### RECORDS SHOWN

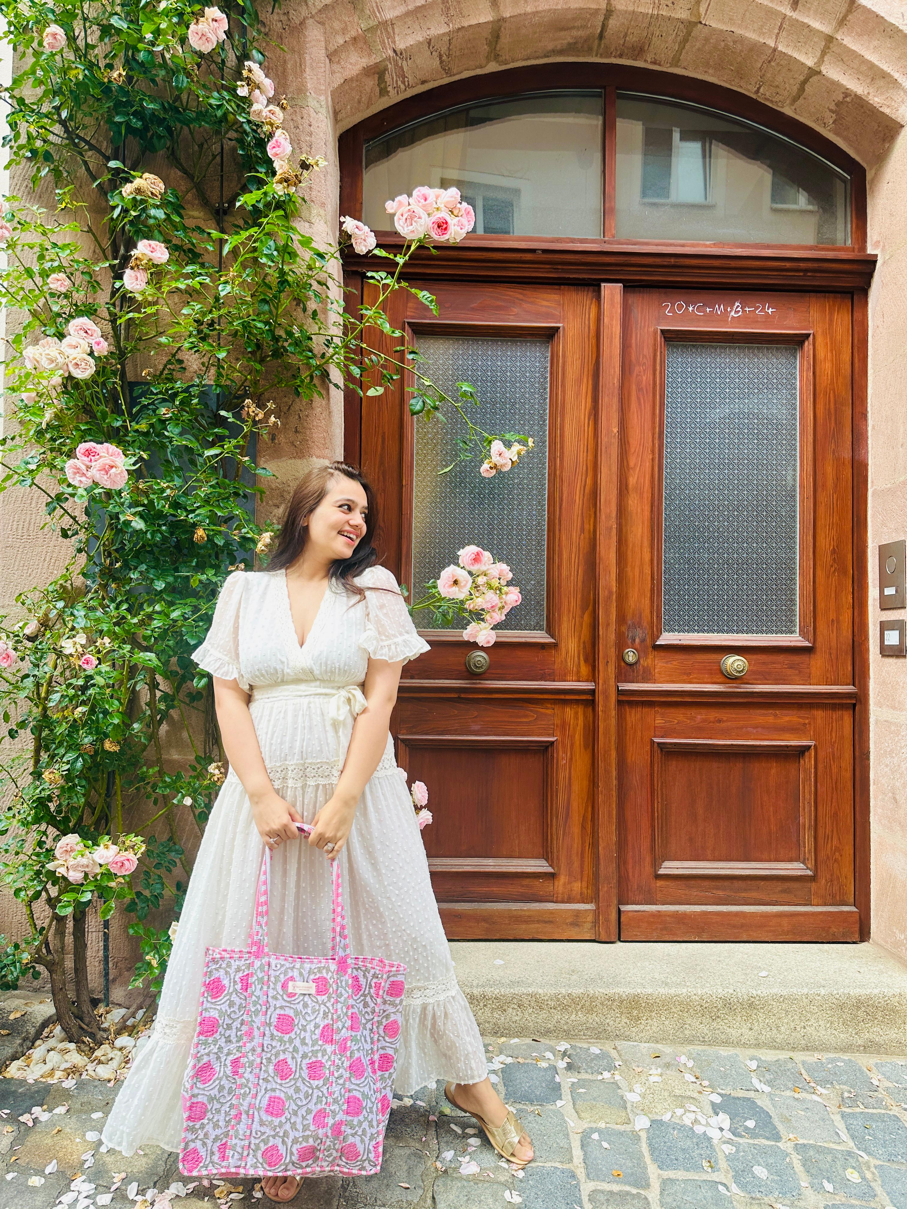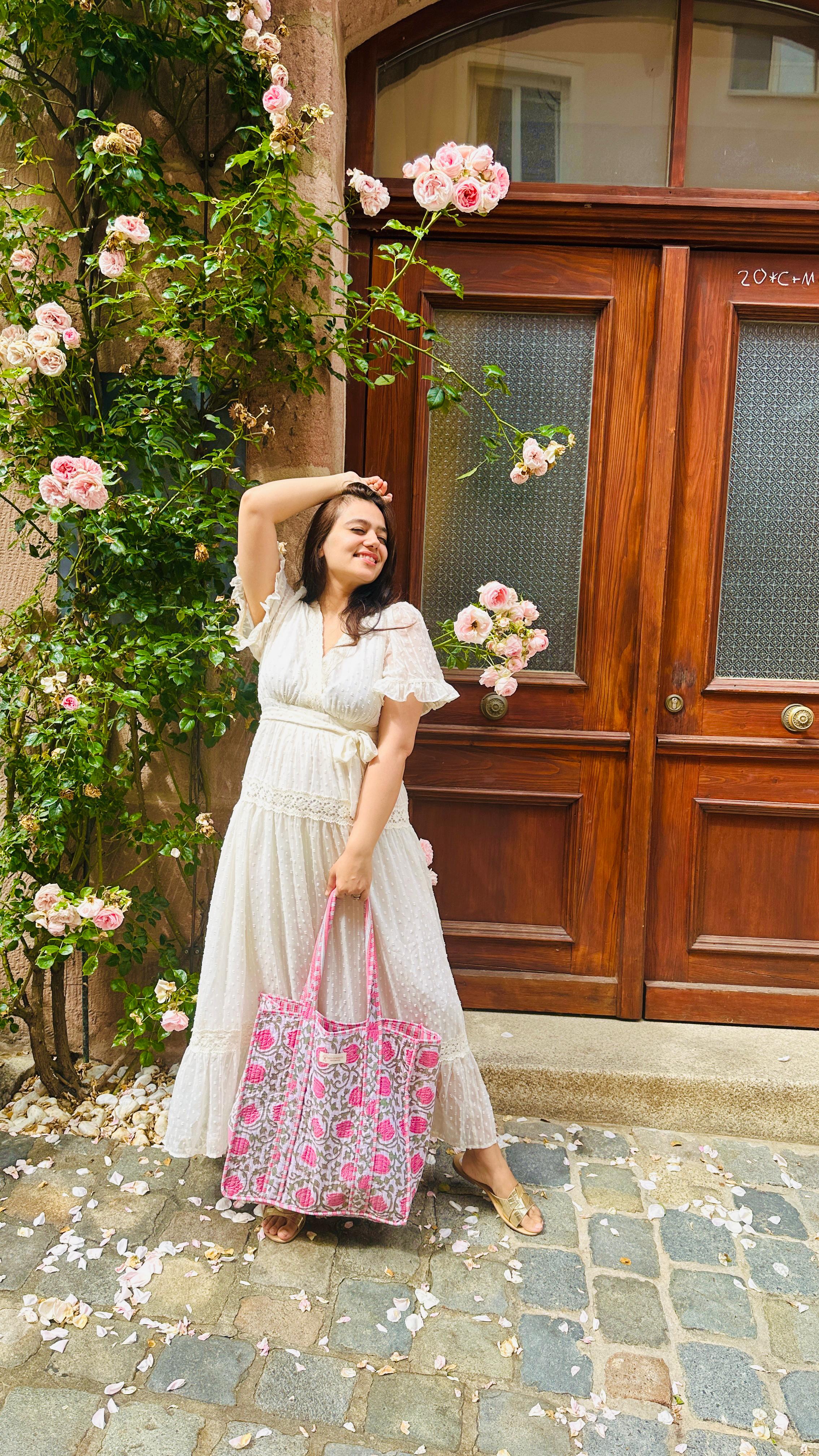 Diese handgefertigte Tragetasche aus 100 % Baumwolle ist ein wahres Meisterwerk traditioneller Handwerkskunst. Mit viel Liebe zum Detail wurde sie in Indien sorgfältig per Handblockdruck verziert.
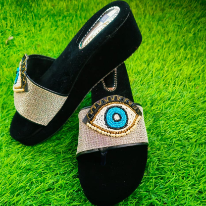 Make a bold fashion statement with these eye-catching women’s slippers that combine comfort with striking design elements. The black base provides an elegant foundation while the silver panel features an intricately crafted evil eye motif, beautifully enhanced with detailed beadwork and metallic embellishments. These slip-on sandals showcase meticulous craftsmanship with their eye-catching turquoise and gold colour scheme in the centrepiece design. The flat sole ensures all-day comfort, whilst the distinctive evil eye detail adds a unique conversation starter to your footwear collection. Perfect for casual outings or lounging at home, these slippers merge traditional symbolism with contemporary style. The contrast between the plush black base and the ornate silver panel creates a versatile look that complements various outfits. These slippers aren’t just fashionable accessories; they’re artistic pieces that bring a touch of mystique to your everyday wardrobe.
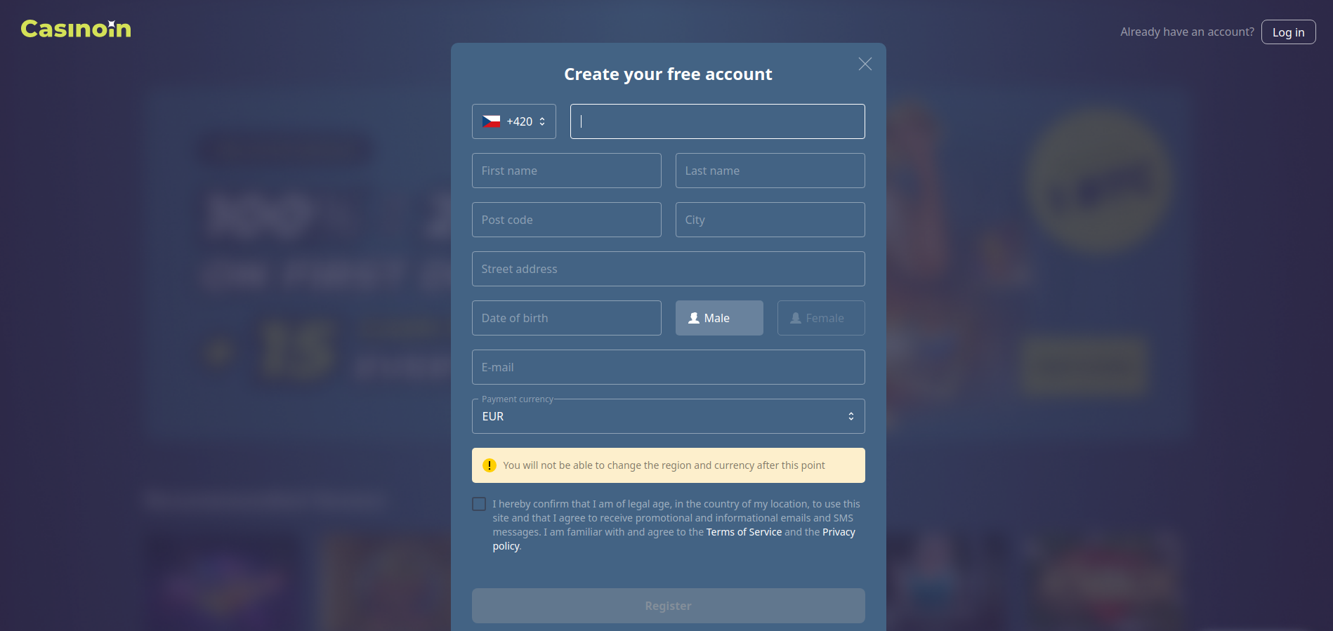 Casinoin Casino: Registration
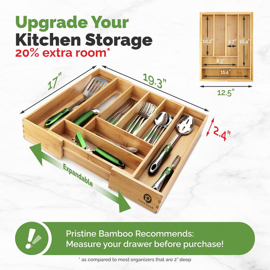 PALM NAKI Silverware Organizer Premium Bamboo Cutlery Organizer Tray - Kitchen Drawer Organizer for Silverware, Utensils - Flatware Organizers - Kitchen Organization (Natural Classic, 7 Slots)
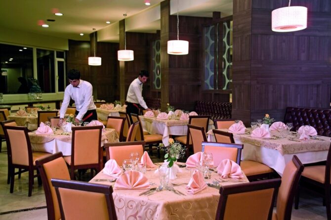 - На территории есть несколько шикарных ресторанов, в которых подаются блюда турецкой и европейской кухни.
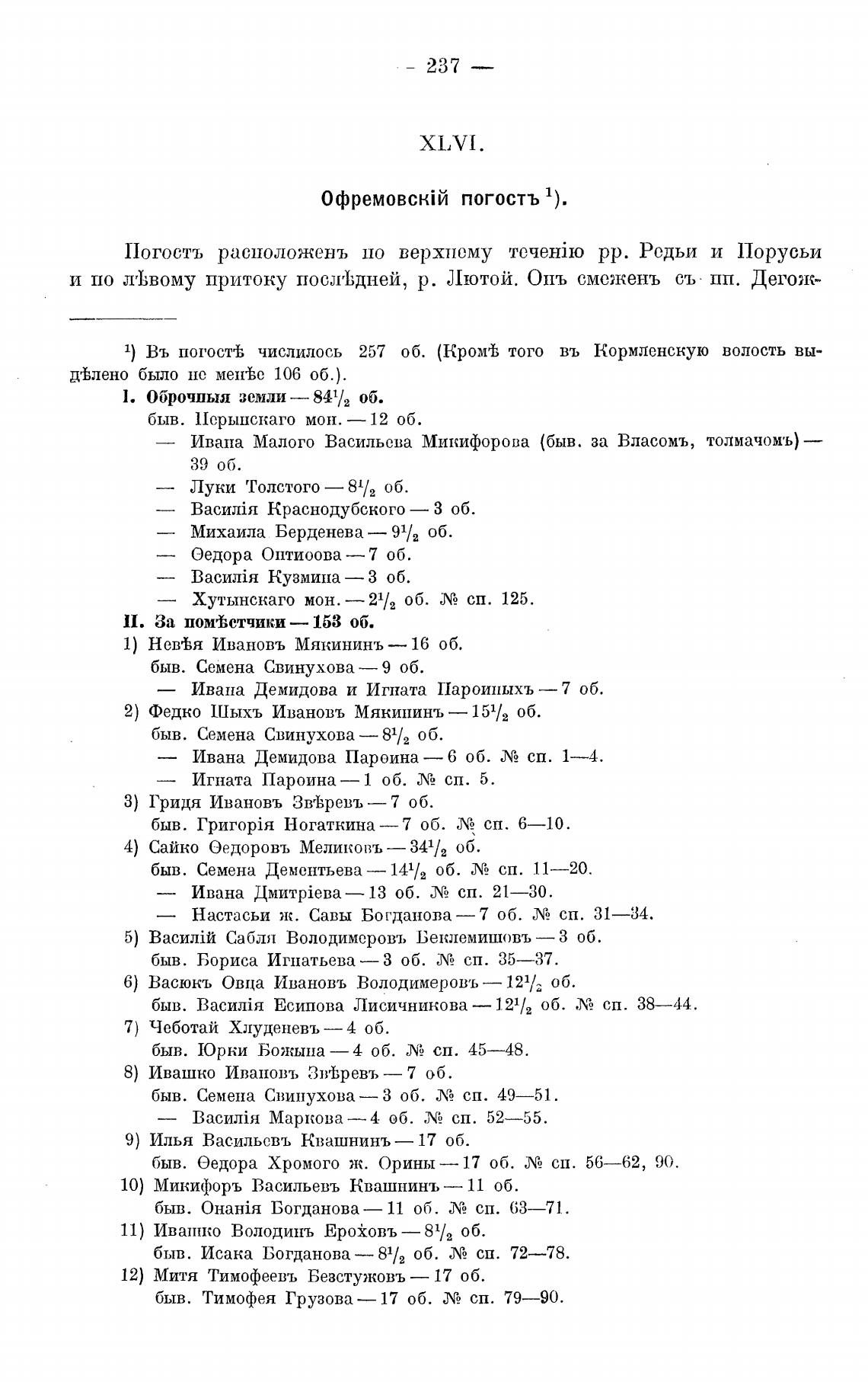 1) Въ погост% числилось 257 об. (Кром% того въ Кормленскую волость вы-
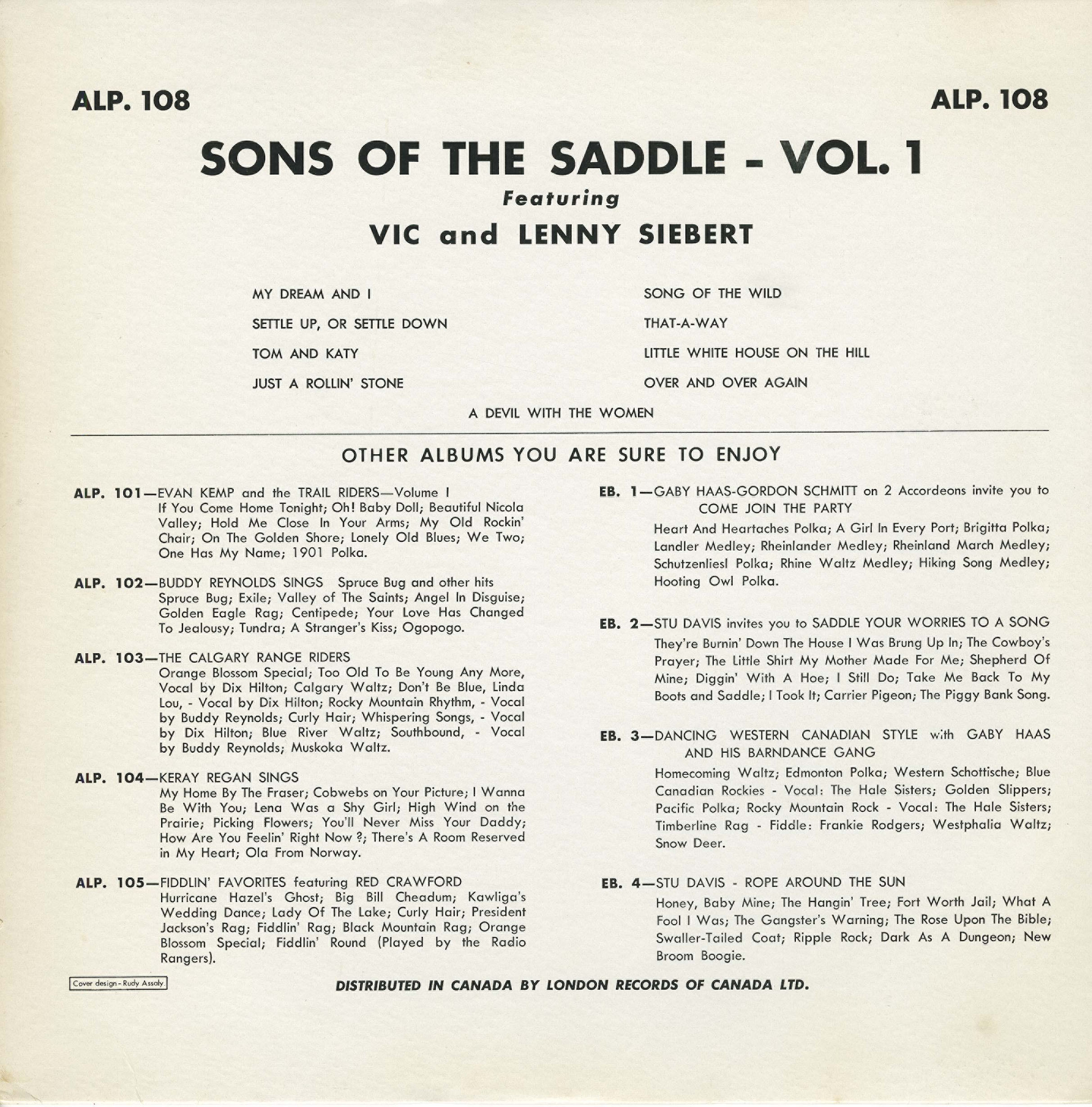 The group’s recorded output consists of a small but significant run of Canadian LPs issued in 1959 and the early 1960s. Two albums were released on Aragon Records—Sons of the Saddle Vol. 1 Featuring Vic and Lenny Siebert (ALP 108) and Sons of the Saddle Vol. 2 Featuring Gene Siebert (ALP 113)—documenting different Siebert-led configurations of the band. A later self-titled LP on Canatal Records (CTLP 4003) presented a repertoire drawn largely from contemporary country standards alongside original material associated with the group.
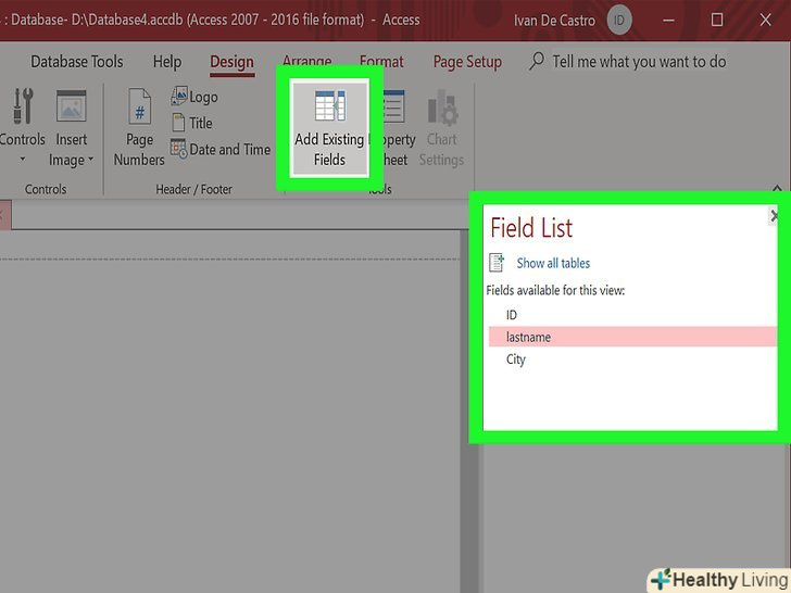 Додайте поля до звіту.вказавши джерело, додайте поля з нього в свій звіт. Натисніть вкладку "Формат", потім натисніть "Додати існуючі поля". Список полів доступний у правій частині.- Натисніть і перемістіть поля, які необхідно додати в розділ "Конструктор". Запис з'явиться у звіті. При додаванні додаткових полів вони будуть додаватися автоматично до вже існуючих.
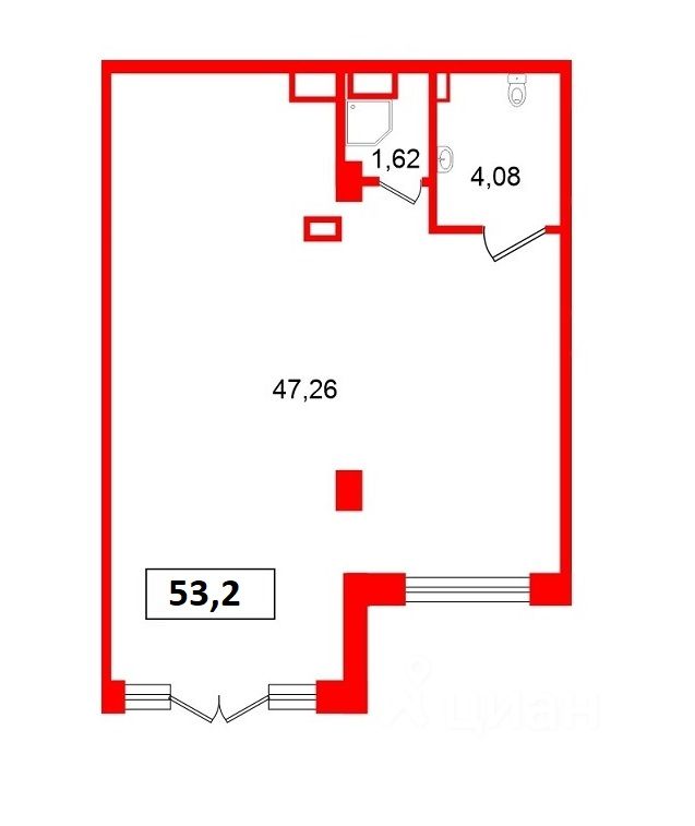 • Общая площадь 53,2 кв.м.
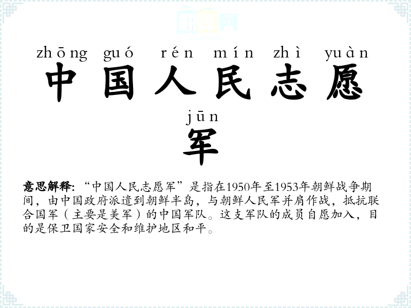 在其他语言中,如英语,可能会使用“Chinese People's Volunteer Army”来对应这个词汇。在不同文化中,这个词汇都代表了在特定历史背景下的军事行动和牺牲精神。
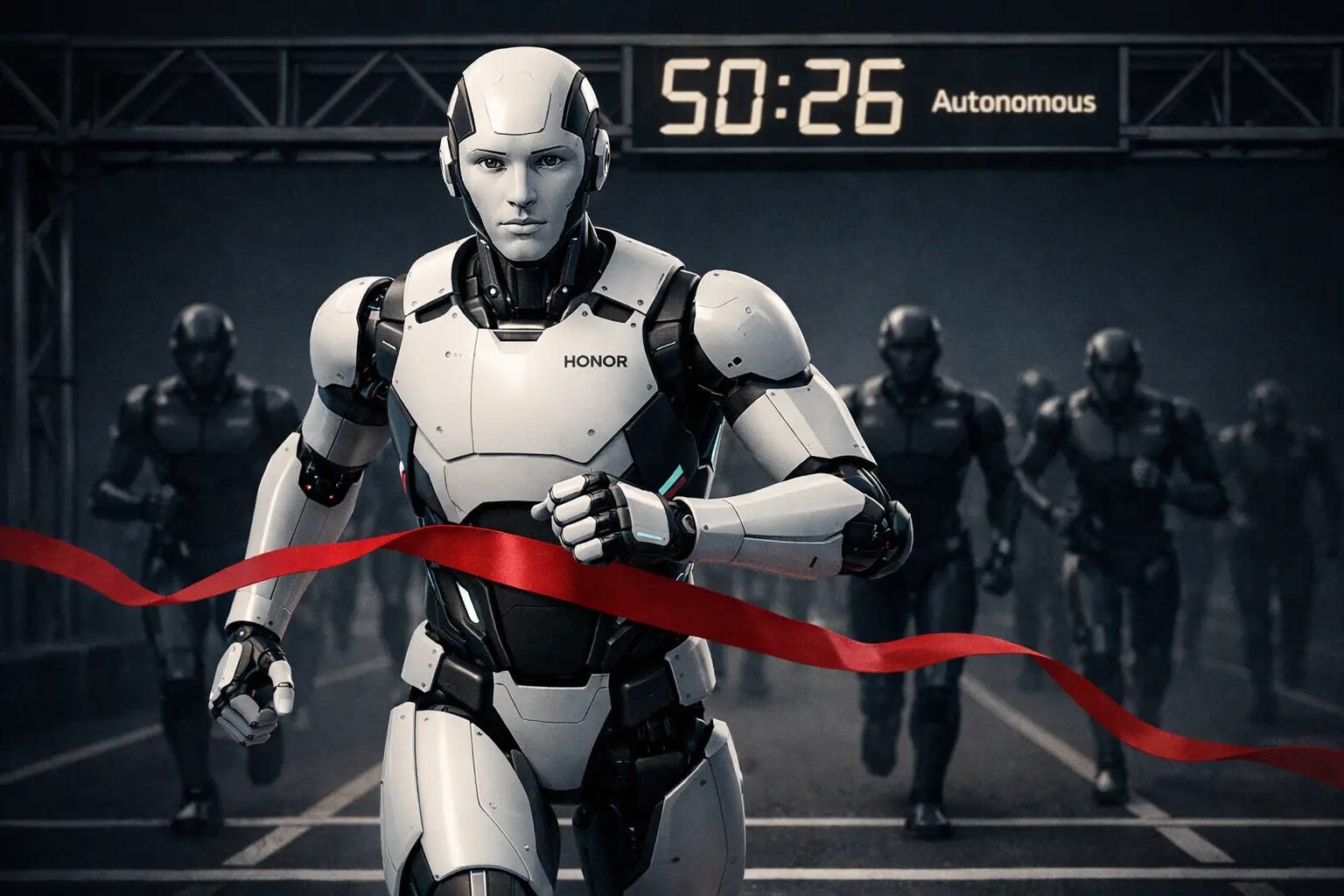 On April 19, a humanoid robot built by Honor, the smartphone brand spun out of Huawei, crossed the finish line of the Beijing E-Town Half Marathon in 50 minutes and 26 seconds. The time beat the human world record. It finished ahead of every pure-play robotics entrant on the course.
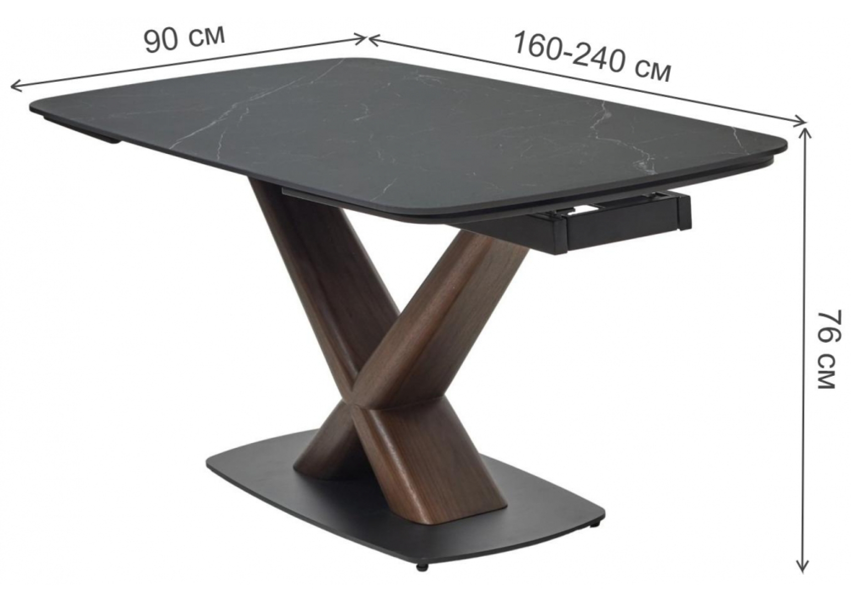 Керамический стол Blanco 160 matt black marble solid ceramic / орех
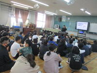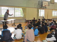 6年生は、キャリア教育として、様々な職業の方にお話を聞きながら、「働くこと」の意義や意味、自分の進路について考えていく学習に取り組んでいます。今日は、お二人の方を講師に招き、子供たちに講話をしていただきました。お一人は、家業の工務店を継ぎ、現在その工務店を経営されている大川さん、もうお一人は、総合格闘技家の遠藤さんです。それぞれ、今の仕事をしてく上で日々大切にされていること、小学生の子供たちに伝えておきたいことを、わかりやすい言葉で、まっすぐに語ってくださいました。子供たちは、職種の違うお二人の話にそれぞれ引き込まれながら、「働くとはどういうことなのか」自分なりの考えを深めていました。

######

> WHAT YOU NEED TO DO: In your copy, every entry above must match word for word, and no picture may appear.

> SOLUTION:
 Diese handgefertigte Tragetasche aus 100 % Baumwolle ist ein wahres Meisterwerk traditioneller Handwerkskunst. Mit viel Liebe zum Detail wurde sie in Indien sorgfältig per Handblockdruck verziert.
 Make a bold fashion statement with these eye-catching women’s slippers that combine comfort with striking design elements. The black base provides an elegant foundation while the silver panel features an intricately crafted evil eye motif, beautifully enhanced with detailed beadwork and metallic embellishments. These slip-on sandals showcase meticulous craftsmanship with their eye-catching turquoise and gold colour scheme in the centrepiece design. The flat sole ensures all-day comfort, whilst the distinctive evil eye detail adds a unique conversation starter to your footwear collection. Perfect for casual outings or lounging at home, these slippers merge traditional symbolism with contemporary style. The contrast between the plush black base and the ornate silver panel creates a versatile look that complements various outfits. These slippers aren’t just fashionable accessories; they’re artistic pieces that bring a touch of mystique to your everyday wardrobe.
 Casinoin Casino: Registration
 PALM NAKI Silverware Organizer Premium Bamboo Cutlery Organizer Tray - Kitchen Drawer Organizer for Silverware, Utensils - Flatware Organizers - Kitchen Organization (Natural Classic, 7 Slots)
 - На территории есть несколько шикарных ресторанов, в которых подаются блюда турецкой и европейской кухни.
 1) Въ погост% числилось 257 об. (Кром% того въ Кормленскую волость вы-
 The group’s recorded output consists of a small but significant run of Canadian LPs issued in 1959 and the early 1960s. Two albums were released on Aragon Records—Sons of the Saddle Vol. 1 Featuring Vic and Lenny Siebert (ALP 108) and Sons of the Saddle Vol. 2 Featuring Gene Siebert (ALP 113)—documenting different Siebert-led configurations of the band. A later self-titled LP on Canatal Records (CTLP 4003) presented a repertoire drawn largely from contemporary country standards alongside original material associated with the group.
 Додайте поля до звіту.вказавши джерело, додайте поля з нього в свій звіт. Натисніть вкладку "Формат", потім натисніть "Додати існуючі поля". Список полів доступний у правій частині.- Натисніть і перемістіть поля, які необхідно додати в розділ "Конструктор". Запис з'явиться у звіті. При додаванні додаткових полів вони будуть додаватися автоматично до вже існуючих.
 • Общая площадь 53,2 кв.м.
 在其他语言中,如英语,可能会使用“Chinese People's Volunteer Army”来对应这个词汇。在不同文化中,这个词汇都代表了在特定历史背景下的军事行动和牺牲精神。
 On April 19, a humanoid robot built by Honor, the smartphone brand spun out of Huawei, crossed the finish line of the Beijing E-Town Half Marathon in 50 minutes and 26 seconds. The time beat the human world record. It finished ahead of every pure-play robotics entrant on the course.
 Керамический стол Blanco 160 matt black marble solid ceramic / орех
 6年生は、キャリア教育として、様々な職業の方にお話を聞きながら、「働くこと」の意義や意味、自分の進路について考えていく学習に取り組んでいます。今日は、お二人の方を講師に招き、子供たちに講話をしていただきました。お一人は、家業の工務店を継ぎ、現在その工務店を経営されている大川さん、もうお一人は、総合格闘技家の遠藤さんです。それぞれ、今の仕事をしてく上で日々大切にされていること、小学生の子供たちに伝えておきたいことを、わかりやすい言葉で、まっすぐに語ってくださいました。子供たちは、職種の違うお二人の話にそれぞれ引き込まれながら、「働くとはどういうことなのか」自分なりの考えを深めていました。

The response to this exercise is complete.